The pipeline for making usable ML solutions; the focus of this piece is highlighted in gray.

Other industries have addressed this problem by building teams, resources, and protocols for translating promising in-silico academic products into real-world practice. Many software companies have “R2O” (research to operations) or “MLOps” (machine learning operations) teams devoted to this task. Deployment in healthcare settings presents a unique challenge because organizational resources for this task are often constrained and the clinical data that powers these tools is often 1) fragmented across multiple IT systems, 2) not easily accessible from the organization’s data warehouse, 3) not captured in real-time or missing, or 4) lacking structure. While online tools like MDCalc and similar standalone smartphone applications have been used to make risk calculators accessible to providers at the point-of-care, applications lacking deep electronic health record (EHR) integration are not suitable for complex ML models that require a significant number of inputs and computing power to generate predictions. Some EHR providers provide a framework to allow easy integration for ML models, but healthcare institutions may not use them or find them unsuitable and require more bespoke solutions.

This piece, assembled by a team of clinicians, informaticians, data scientists, and software engineers that deployed academic projects into production at multiple large health systems, aims to provide some guidance to the deployment team on how to best make that translation. We believe that the full team involved in the deployment would benefit from having an understanding of the different roles and tasks that are often required, but it is probably the principal investigator or team champion that would benefit the most from the high-level view that we present in this manuscript. Throughout the paper we reference an example of translating a prediction model into clinical practice from the authors. This model generated predicted risk of surgery within the next 6 months for chronic colon inflammation patients seen in a gastroenterologist’s office.

Of note, this document is focused on the technical aspects of translating research algorithms for clinical practice. There are numerous additional steps that are not covered herein. Important elements include identifying and proving clinical utility of a model, its development, and regulatory requirements that often strongly impact an intervention’s scope, pace, and form. In parallel to the development process described, the deployment and clinical team should address the needed legal and policy requirements of their institution.

Additionally, deployment of data science solutions into clinical practice is often an iterative process that requires multiple feedback loops between the development team and the end-user representatives at different levels, including retraining after deployment due to gradual changes to standard of care or abrupt shocks like COVID-195. For simplicity, we present a linear process, but it is strongly advised to incorporate the flexibility for iteration at different points. The iterative nature of the process also highlights one of the reasons why it’s important to be thoughtful when building deployment infrastructure.

Prerequisites for model deployment

The purpose of this guide is to help groups within health systems implement tools that they already have the interest and resources to use and support. Deployment should not be considered until the tool has, at least, nominal institutional support. Details on how to meet these prerequisites can be found elsewhere but are briefly summarized below2.

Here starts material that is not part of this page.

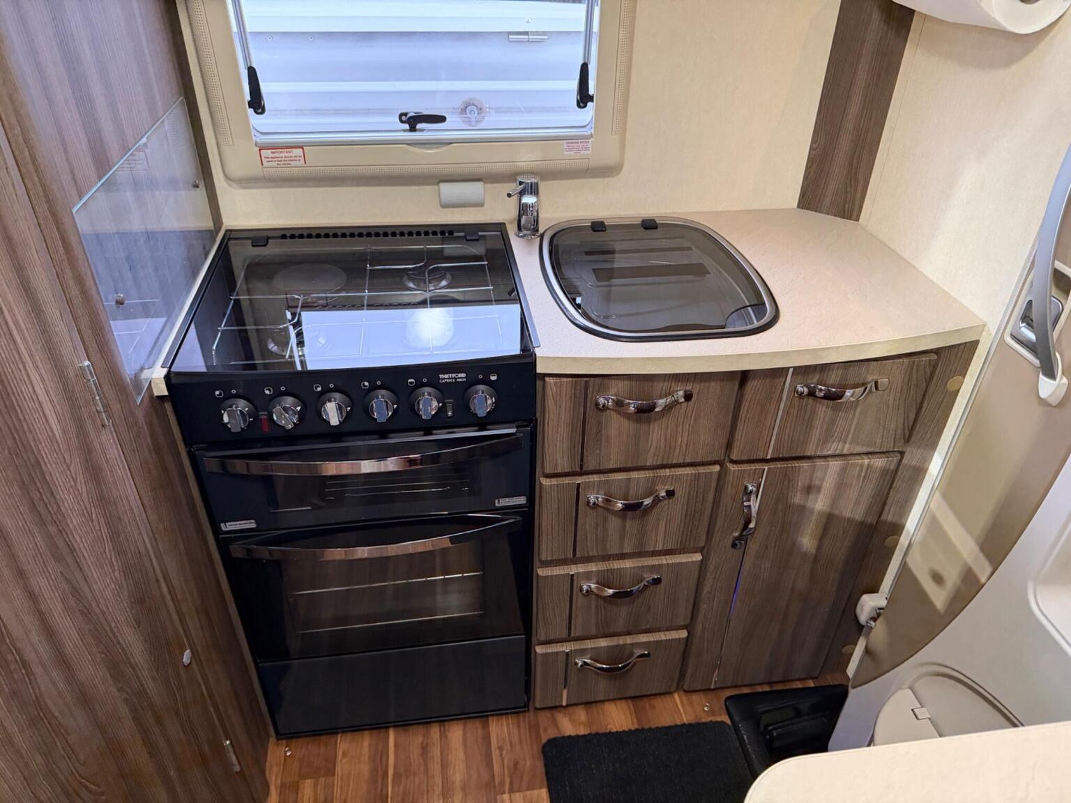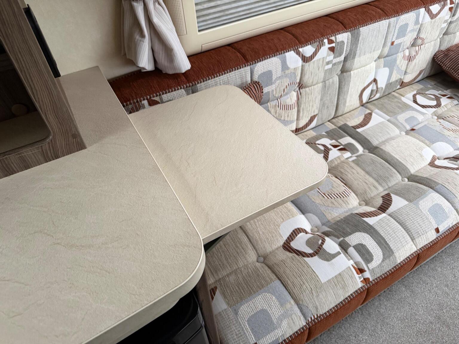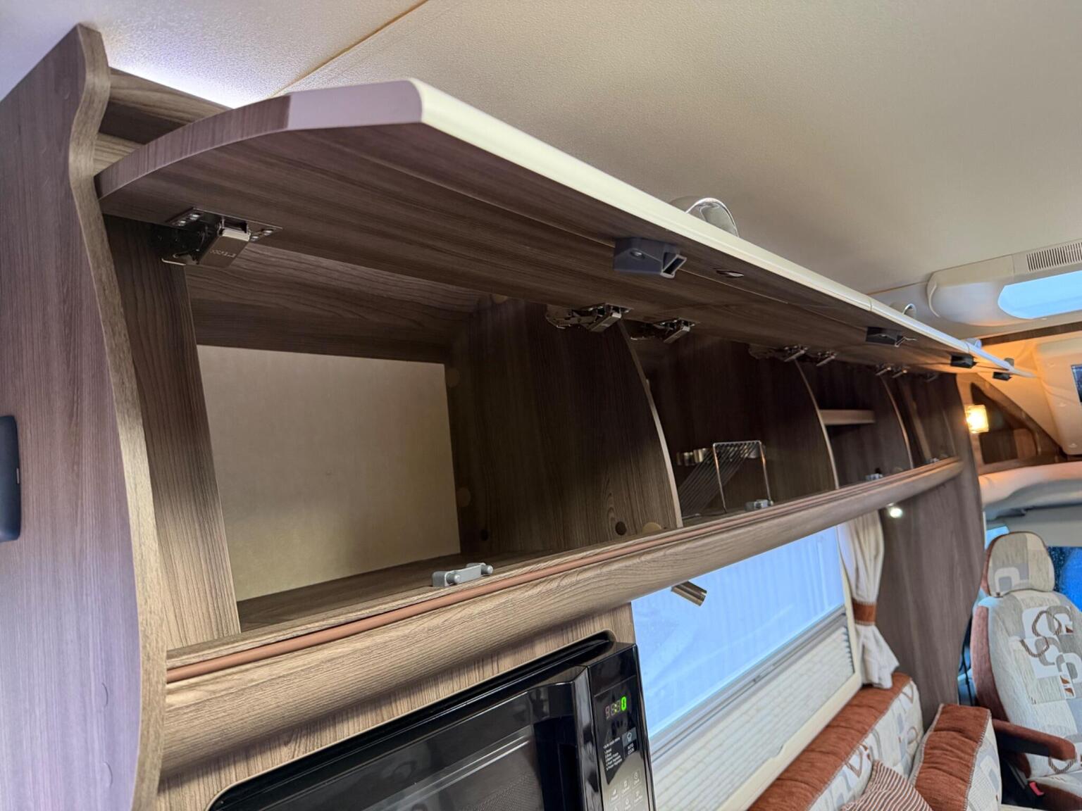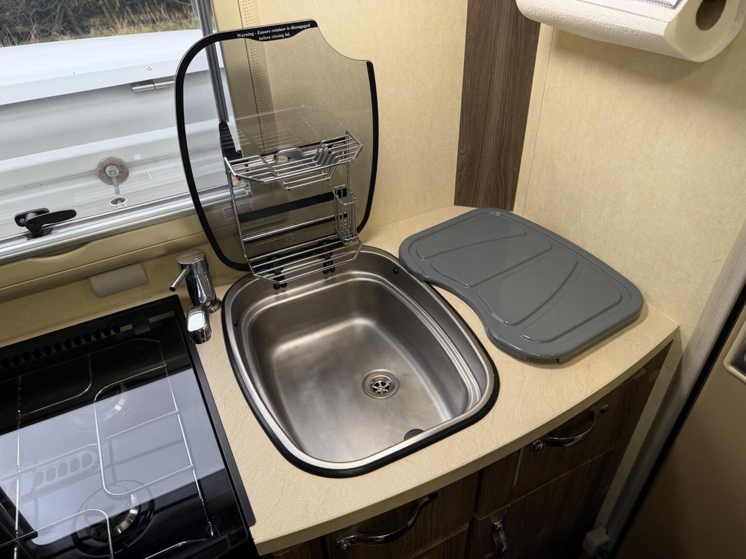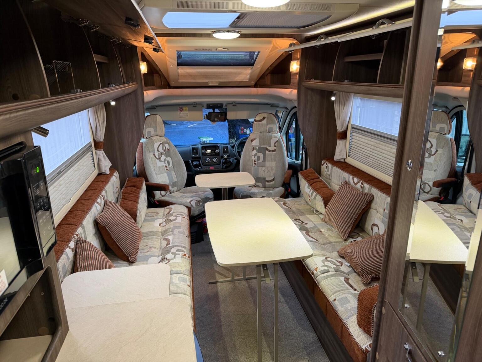 This is a spacious motorhome with a lovely lounge configuration at the front that allows for a social space and easily makes into either 2 singles or a large double bed for the night. The area benefits from a huge panoramic window located above the cab, allowing for plenty of natural light, and there is ample storage space surrounding the lounge. Towards the back wall is the fully equipped kitchen, featuring a grill, oven, hob, sink, microwave, extractor fan, and an electric omni vent. This area offers ample cupboard space and worktop space. On the offside, you will find the washroom, which features a sink, shower, and toilet.

Clinical value proposition

Before deployment is considered, the value of a model must be explicitly articulated and aligned with the priorities of the organization. Impacting elements of the Institute for Healthcare Improvement Quadruple Aim is a good benchmark for identifying clinical value6. A pathway to achieving this value should be clearly identified including what clinical decision the model will impact (e.g. recommending curative surgery), what outputs need to be delivered to the user (e.g. probability of outcome and visualizations of prognosis for similar patients), who is the target of output (e.g. gastroenterologist), when it will be delivered (e.g. during an outpatient encounter), how users can take action on the model’s output (e.g. recommend a consult to the colorectal surgeon), and the target population (e.g. patients with moderate-to-severe ulcerative colitis). Depending on the training dataset’s design, the model might need to be fine-tuned to local clinical practice and population.

Stakeholders

The translation process is multidisciplinary by nature, and different stakeholders required to implement the model into production should have opportunities to discuss their unique perspectives together (Table 1). Multiple roles might be taken on by the same person based on skills and technical complexity in the context of the project, but a team should include the following roles:

  • Principal Investigator/Project Champion who understands the clinical and institutional context

  • Data Scientist who knows how the model was built

  • Machine Learning Engineer (MLE) who will put the model into production

  • Clinicians/Users who will best know what is required for the model outputs to be useful

  • Data engineers/Information Technology team who understand the data sources and EHR vagaries

Table 1 Index card for major stakeholders and their tasks

The various team members require constant communication given the interwoven roles and expertise needed to deploy a complex tool. The MLE typically has limited insight into the decisions made earlier or the model development, most often by a clinical developer and data scientist. A data scientist may not know technical requirements and best practices necessary for model deployment. A data engineer primarily cares about data security and limiting stress to the data infrastructure and may not prioritize the project. The principal investigator needs a global view of the process to know what challenges are involved and how to budget time. Users have domain knowledge, but may not understand or care for technical details. The model needs to be interpretable by them given their requirements and context.

Timely data availability

Necessary data inputs at the health system should be available on or before the time that the prediction is needed. For example, if the point-of-care model uses an encounter’s prescription medication as an input, there needs to be a process to capture such data during the encounter itself. In the case of our ulcerative colitis model, we had users input this data via a form, as prescription data was not available in real-time from other sources. Of course, data sources that directly integrate into the clinical workflow are preferable, but may often not be available during early stages or stepwise clinical integration.

Operational home

Although it may not always be possible in advance, it is important to plan for the maintenance of the implemented model and identify an operational home where a team takes responsibility for uptime, at least for the current anticipated project horizon (e.g. during the initial pilot). Stakeholders should be available as needed for the project’s initial duration to tackle data science problems (such as performance degradation and dataset drift - see “Post-Deployment Considerations” section for more details on this)5 and changes to clinical workflows.

Planning for deployment

Prior to building a deployable tool, it is essential for the MLE to have a complete understanding of the requirements and specifications of the desired end product. This is only possible once all prerequisites in the prior section have been met, as each stakeholder provides distinct and complementary information on the vision for the final product.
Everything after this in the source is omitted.